Mike Schaeffer's Blog

June 21, 2006

I was skimming Vincent Maraia's (he has a blog!) book, The Build Master: Microsoft's Software Configuration Management Best Practices, and ran across the following quote:

Thus, if you want to learn one languauge that will cover many tools and technologies no matter what platform you are working on, that language is XML.

On the surface, this is a true statement. Since XML's introduction it's shown up virtually everywhere: XML has been used for everything from configuration files to RPC protocols. Better still, all these XML documents have the same understandable syntax and can be parsed by the same, standard tools (which exist virtually everywhere). If you want to work with XML files, chances are your favorite text editor has built in XML support; If you want something more structured, Excel has a powerful XML import capability, as do most databases. However, as nice as all this is, it glosses over one fundamental fact: XML, by itself, doesn't mean anything.

Saying that a document is in XML is basically the same as saying it's in CSV: it implies the format that contains the data, but it doesn't imply anything about the data itself.
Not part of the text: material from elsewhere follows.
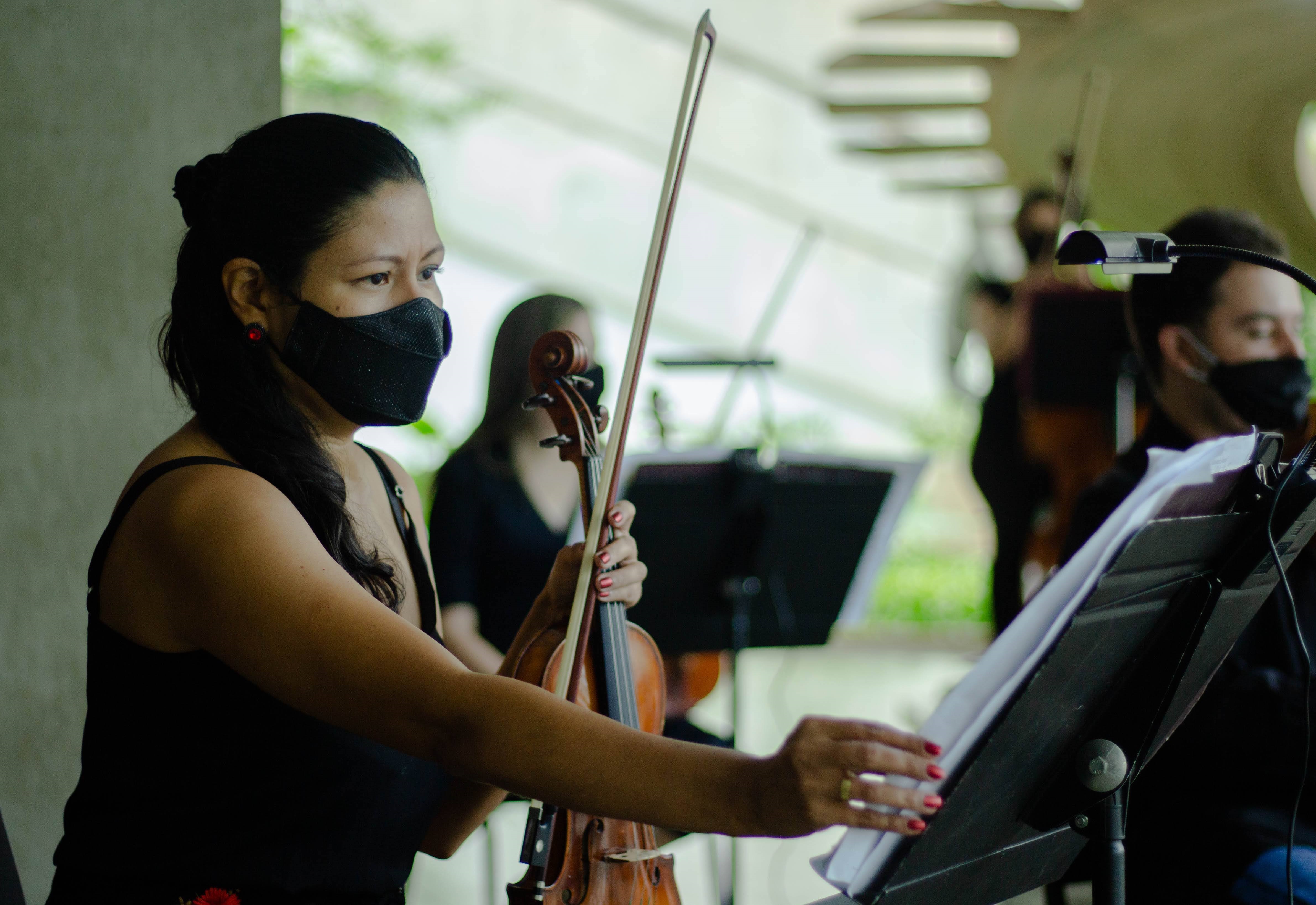 Os músicos da Orquestra Sinfônica do Teatro Nacional Claudio Santoro (OSTNCS) celebram o retorno parcial das atividades presenciais. Desde a última sexta-feira (19), o foyer da Sala Villa-Lobos, um dos destaques do teatro, virou palco de ensaios dos concertos para a nova temporada. Ao som de cordas de violinos, violas, violoncelos e contrabaixos, os musicistas iniciaram o trabalho para gravar concertos inéditos que serão transmitidos no canal da OSTNCS no YouTube.

There are still a bunch of unresolved questions: What tags are supported? How are attributes parsed? What do the tags actually mean? These are the types of questions you'll find yourself asking about five seconds after receiving an XML document in a new format. While some of these questions can be answered by a Schema or DTD, the last question, the key question, isn't addressed by a schema at all. As anybody who has had to reverse engineeer an otherwise unknown XML document can tell you: even if you know a document is in XML, the things you really care about are still left unspecified.

So, XML isn't really the 'language' Mr. Maraia states it to be, which is why his comment is so optimistic. While it is true that XML is useful and universal, you'll also need to learn schemas for the documents you'll be working with; That's where the bulk of the work will be. (Syntax is generally an easy thing to learn, and developing syntax processing code is a well understood branch of computer science.) So, while you should learn XML, if learning XML itself is the kind of decision you have to mull over, you probably aren't prepared for steps you'll be taking immediately after learning XML. (This is particularly true if you're using XML to configure build tools, as in Maraia's book. If you're in that role and are having trouble with XML, you should just quit now.)

Erik Naggum, of comp.lang.lisp fame, summed this up quite nicely:

Structure is nothing if it is all you got. Skeletons spook people if they try to walk around on their own. I really wonder why XML does not.